The survey also breaks down the professions that make up the lower-income percentiles. The lowest or 10th percentile is evenly composed of nursing aides, cashiers, cooks, housekeepers, and retail sales clerks. These low-skill jobs are easier to fill since the percentage of the population that falls into these income brackets is greater, which means the competition to attract good candidates is lower.

Middle Incomes

Looking at the middle class, the largest segment of the population, the professions that are most represented include secretaries, teachers, truck drivers, nurses, accountants, and customer service representatives. This is a diverse group whose professions span a wide array of industries and where salaries vary greatly. It’s where the majority of hires come from. For HR managers and recruiters, it means there’s a wide pool of candidates for certain jobs that have different salary expectations. This gives employers more flexibility in their recruiting strategies.
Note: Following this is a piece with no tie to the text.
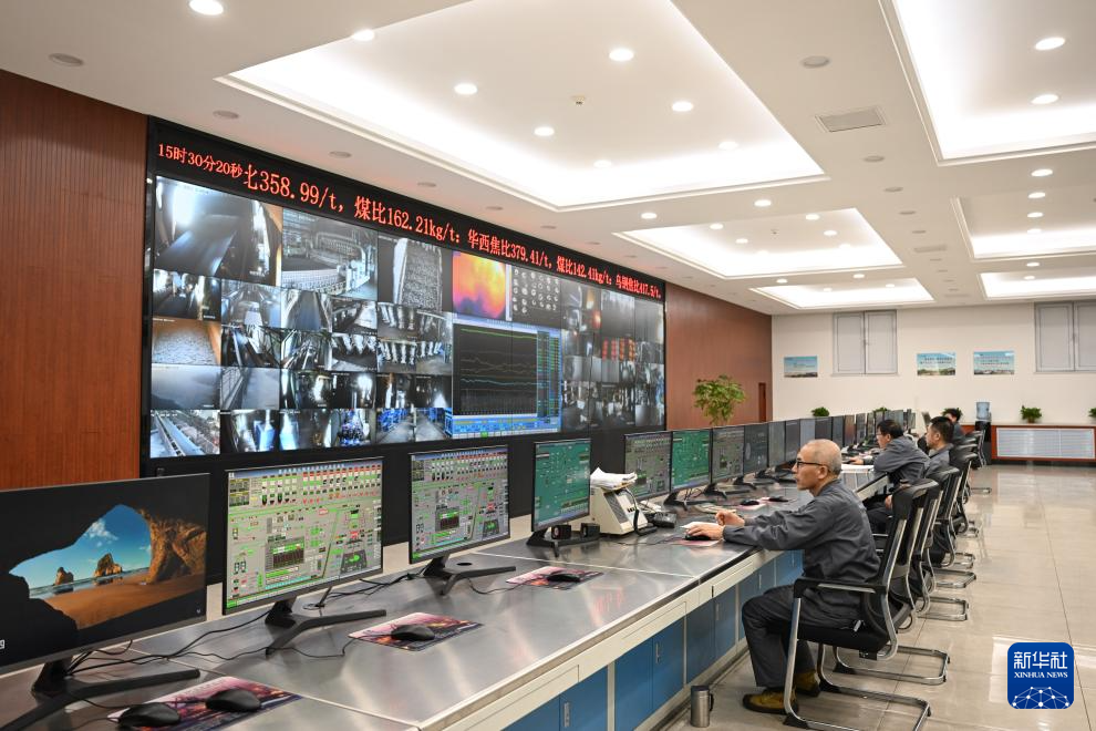 2月20日,工作人员在内蒙古兴安盟乌兰浩特市乌兰浩特钢铁有限责任公司智控中心监测高炉运行情况。

Managerial positions also encompass a wide range of incomes. In fact, being a manager is the most common job for the upper-middle to higher class (70th to 99th percentile). This is not surprising since the title of manager can apply to vary degrees of responsibility, experience, and salary in different industries. For example, two managers can be on opposite sides of the salary spectrum if one is a restaurant manager while the other is a client accounts manager.

Sales supervisors are also represented across all income brackets. This job title is so broad that there are sales supervisors who make as little as $12,000 or as much as six figures a year. As you can see, job titles and descriptions have a huge impact on candidate expectations. Income inequality is also something to consider and be aware of. In the last 40 years, income grew by only 9 percent for households in the 60th percentile, while growing a significant 36 percent for those in the 95th percentile.

Putting it into Practice

What does this all mean to HR professionals? The salary-to-profession ratio is important to keep in mind so that you can offer competitive salaries that fit within expectations for given profession or level of education and experience. And knowing where the job you’re trying to fill fits within the labor market can help you better develop your job titles and descriptions, as well as compensation.
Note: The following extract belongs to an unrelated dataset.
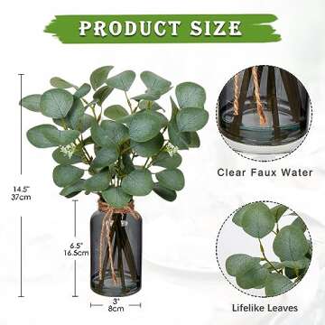 Briful Artificial Eucalyptus Stems in Black Glass Vase with Faux Water, 14" Fake Plant Eucalyptus Leaves for Home Office Farmhouse Wedding Centerpiece Décor
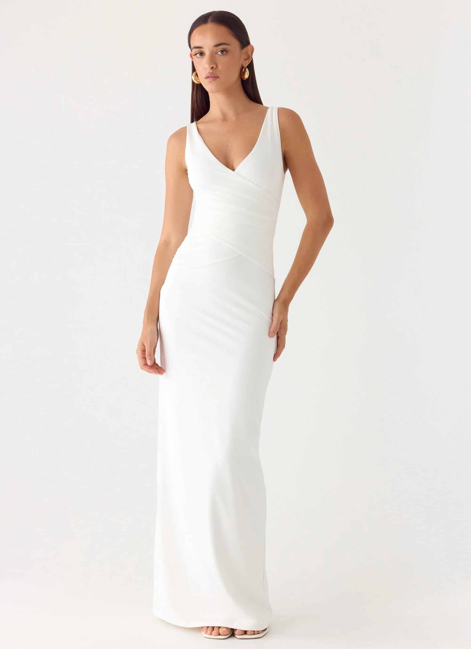 The Nerine Maxi Dress is designed for effortless, sun-to-night elegance with a sleek, flowing silhouette. Featuring a V neckline and wrap waist, this fully lined stretch jersey maxi skims the body for a polished, modern fit. Soft, drapey, and effortlessly chic, it’s perfect for elevated evening moments.

What other considerations do you think are important for HR managers and recruiters to keep in mind when looking at income breakdowns in the labor market?

Adina Miron

3 Comments

  • Avatar Susan Devers says:

    I really liked the idea that you outlined in this article. Knowing where a specific job fits within the labor market is the first consideration when creating both job descriptions and compensation strategy. Maybe not all employees are driven by financial compensation, but in the long term, no other benefit can compete with that type of motivation.

  • Avatar Jack Cleary says:

    The demographic composition of the labor market is changing continuously, and the motivation and expectations of job candidates are evolving too. It is essential for HR professionals to understand what motivates workers. Do they want compensation, prestige, or autonomy at work? Sometimes financial compensation is not the stronger reason for wanting a particular job, so HR professionals should adapt their strategies in order to motivate workers that are not just driven by money.
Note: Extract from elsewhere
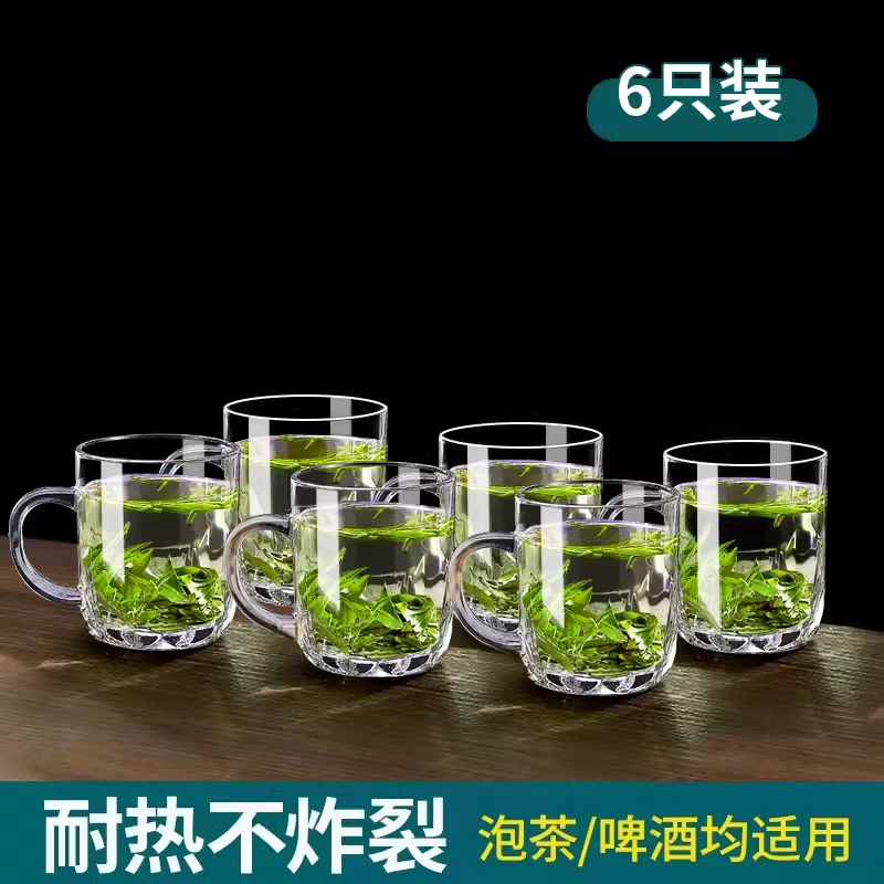 玻璃杯套装 家用客厅耐高温绿茶杯大容量带把水杯6只待客喝水杯子

  • Avatar Alan Fill says:

    A competitor that offers better pay or benefits can affect the way your company recruits. Sometimes you can keep up with the financial compensation that your competitor offers, but you should also consider your company’s strengths, such as a friendly work environment, job satisfaction, job security, opportunities for promotion, or a flexible schedule. When you do this, you’ll notice that some potential candidates appreciate their quality of life more than the biggest salary.